— What to produce —
Word for word, restate the lines from the one holding "Batedeira Planetária 33L" through the last line of the material below, and leave every picture out.

— Data provided —
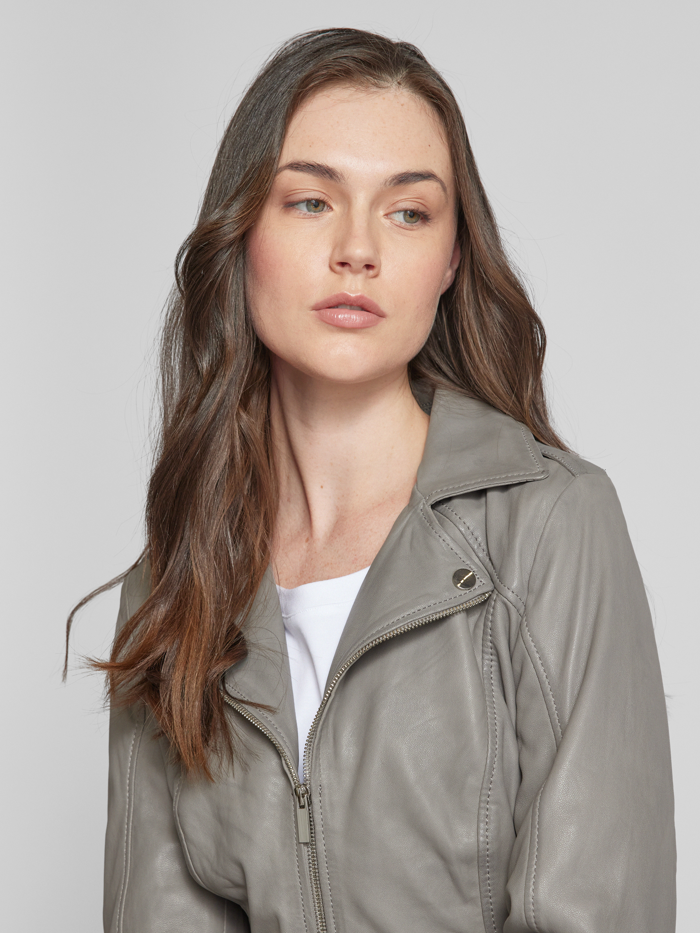 Die Jilani Lederjacke vereint zeitlose Eleganz mit einem taillierten Schnitt, der die Figur dezent betont. Echtes Leder sorgt für eine angenehme Haptik und Langlebigkeit, während das unifarbene Design vielseitige Kombinationsmöglichkeiten eröffnet. Ein Umlegekragen und praktische Taschen runden das Gesamtbild harmonisch ab.
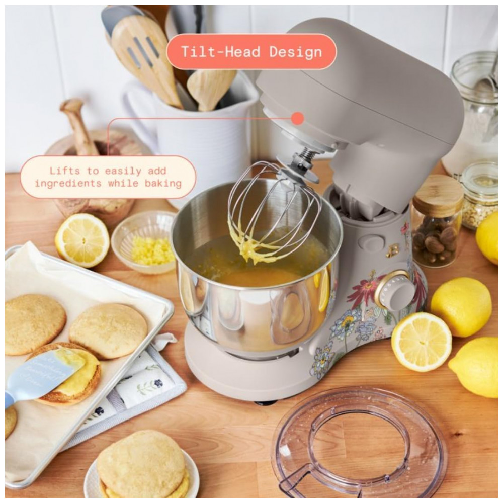 Batedeira Planetária 33L Beautiful Wildflower Porcini Taupe 12 Velocidades Taça Inox Tilt-Head Splash Guard 300W 110V
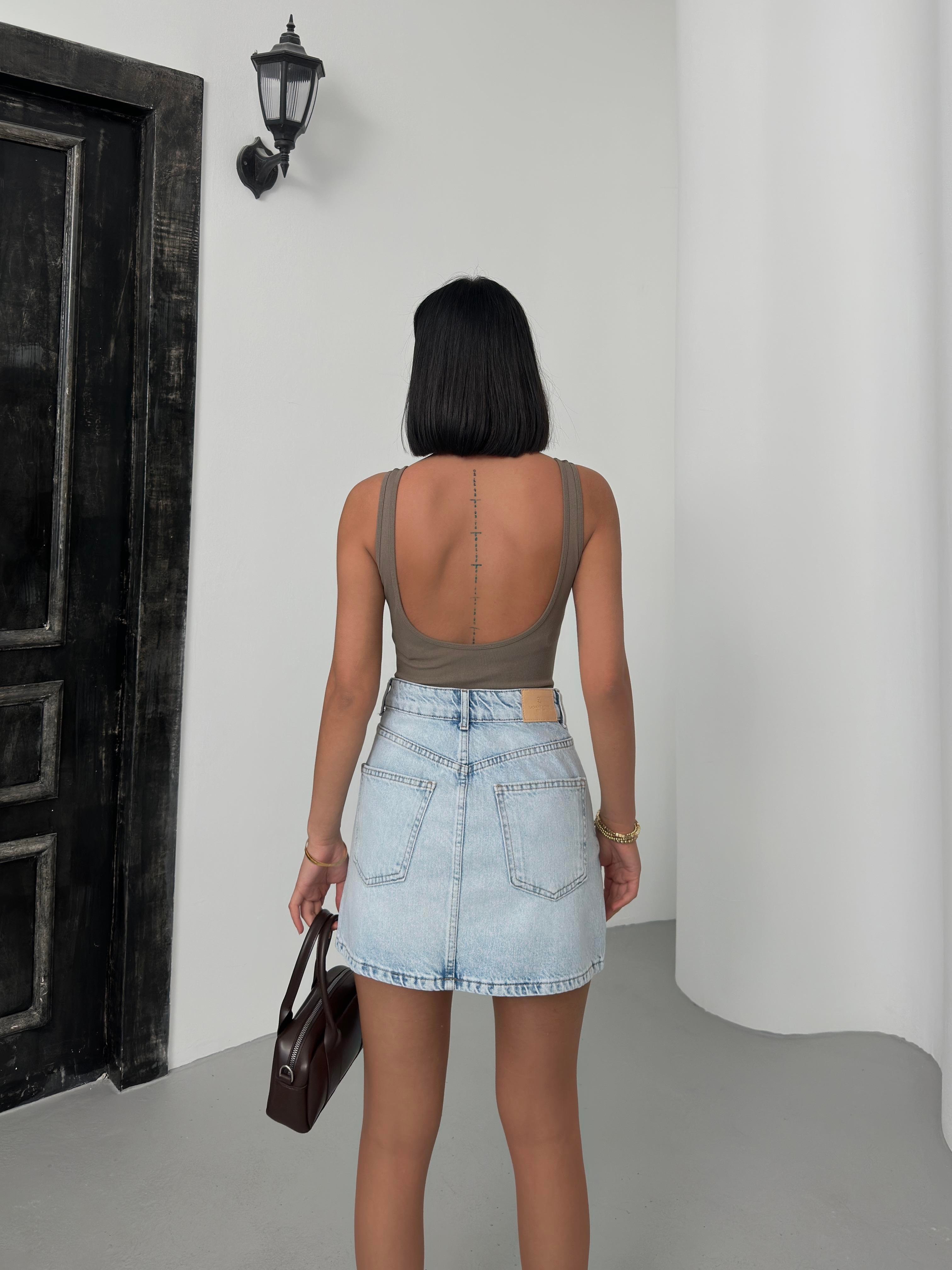 Front Back Pocket Detailed Over-the-Knee Light Blue Jean Skirt (ETEK-8016-L)
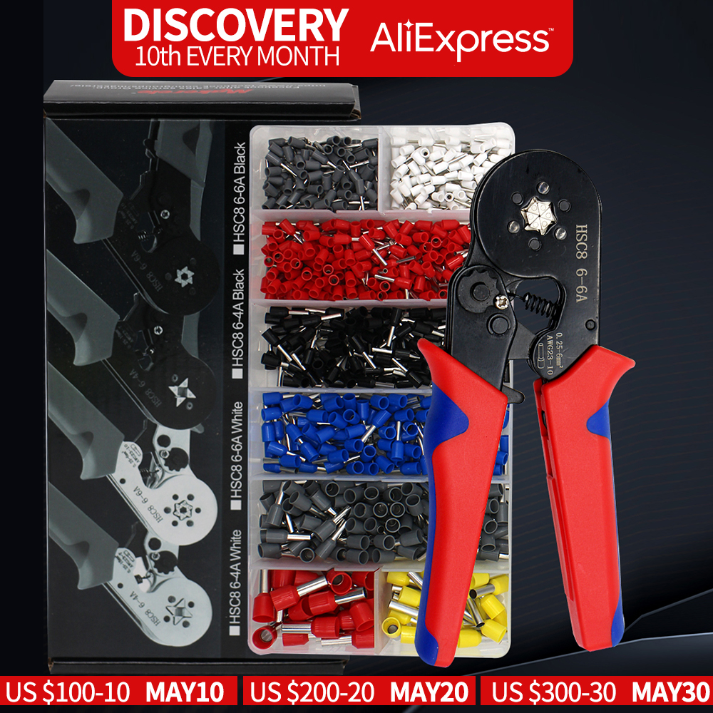 Ferrule Електричний термінал Обжимний дріт Інструменти Плоскогубці Обжимний HSC8 6-6A 6-4A Push роз'єми Побутовий комплект з коробчатими затискними наборами

— Result —
 Batedeira Planetária 33L Beautiful Wildflower Porcini Taupe 12 Velocidades Taça Inox Tilt-Head Splash Guard 300W 110V
 Front Back Pocket Detailed Over-the-Knee Light Blue Jean Skirt (ETEK-8016-L)
 Ferrule Електричний термінал Обжимний дріт Інструменти Плоскогубці Обжимний HSC8 6-6A 6-4A Push роз'єми Побутовий комплект з коробчатими затискними наборами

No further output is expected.